Materialize for Streaming SQL

Materialize is a streaming database — you write SQL against Kafka/Postgres/event sources, and Materialize maintains the results incrementally as data arrives. Sub-second latency for arbitrary SQL on streams. The closest thing to 'a real-time database that you query like Postgres'.

Advertisement

Standard SQL, streaming semantics

-- Define a Kafka source
CREATE SOURCE orders FROM KAFKA BROKER 'kafka:9092' TOPIC 'orders';

-- Materialized view continuously updated
CREATE MATERIALIZED VIEW hourly_revenue AS
SELECT date_trunc('hour', ts) AS hour,
       SUM(amount) AS total
FROM orders GROUP BY 1;

-- Query the view — always reflects latest data, sub-second
SELECT * FROM hourly_revenue ORDER BY hour DESC LIMIT 10;

Incremental maintenance

Materialize doesn't re-run the query on every update. It computes the delta from the new input and applies it to the view. This is what makes it sub-second on TB-scale streams.

Advertisement

Joins on streams

Kafka Streams and Flink struggle with arbitrary joins (you must think about windows, late events). Materialize handles them with SQL semantics — any join, any aggregation, no manual windowing. Trade: state cost grows with input cardinality.

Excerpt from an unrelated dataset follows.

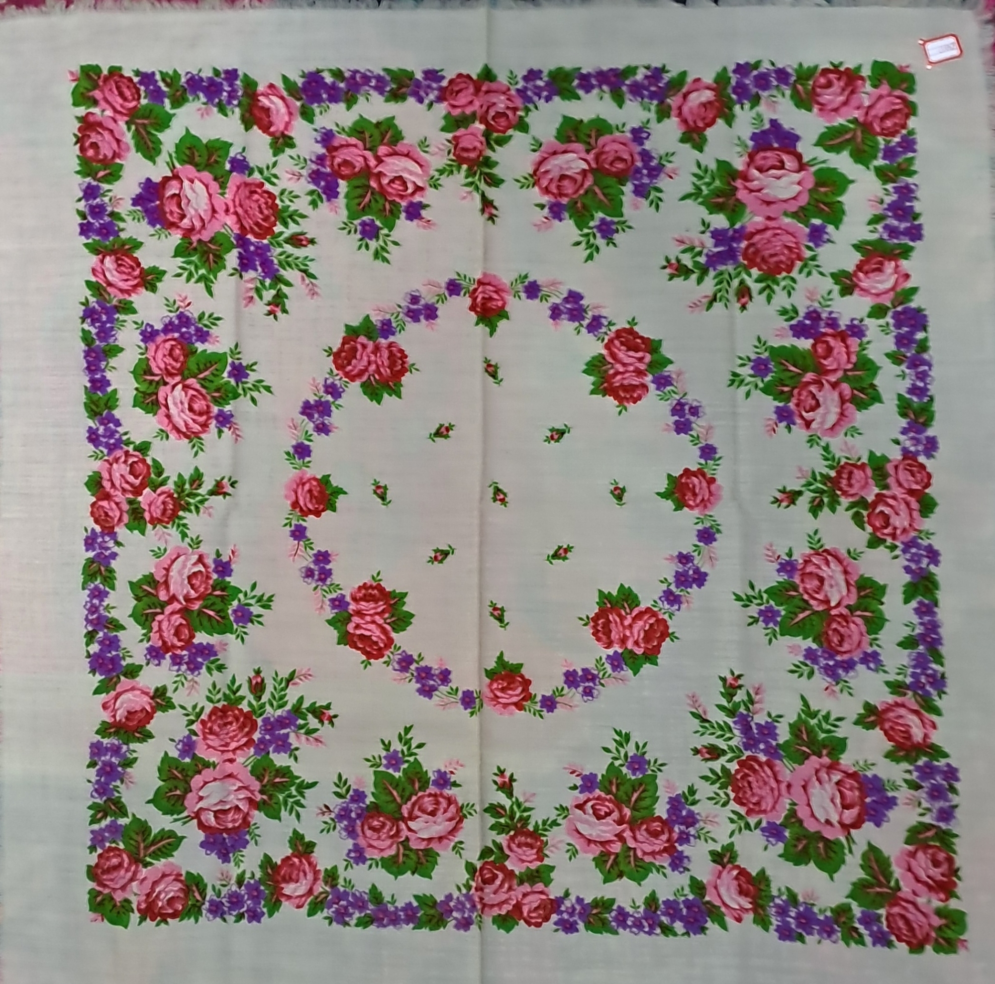 Basma tradițională de formă patrată, țesută din fir de lână . Câmp alb cu decor floral policrom imprimat , compus din ornamente florale dispuse pe toată suprafața. Piesă purtată de femei ca acoperitori de cap, sau ca accesoriu vestimentar.

vs Flink for stream processing

Flink: lower-level, more control, ridiculous scale (PB/day). Materialize: higher abstraction, SQL-native, faster to prototype. Use Materialize when your team knows SQL but not Flink; use Flink when scale or fine control matters.

Operational model

Single binary or managed cloud. Disk-based storage of state. Replication for HA. Cost grows with state size, not throughput — keep your views' state bounded with retention windows.

Materialize = streaming SQL with sub-second freshness. Right when SQL is the team's vocabulary and Kafka is the source.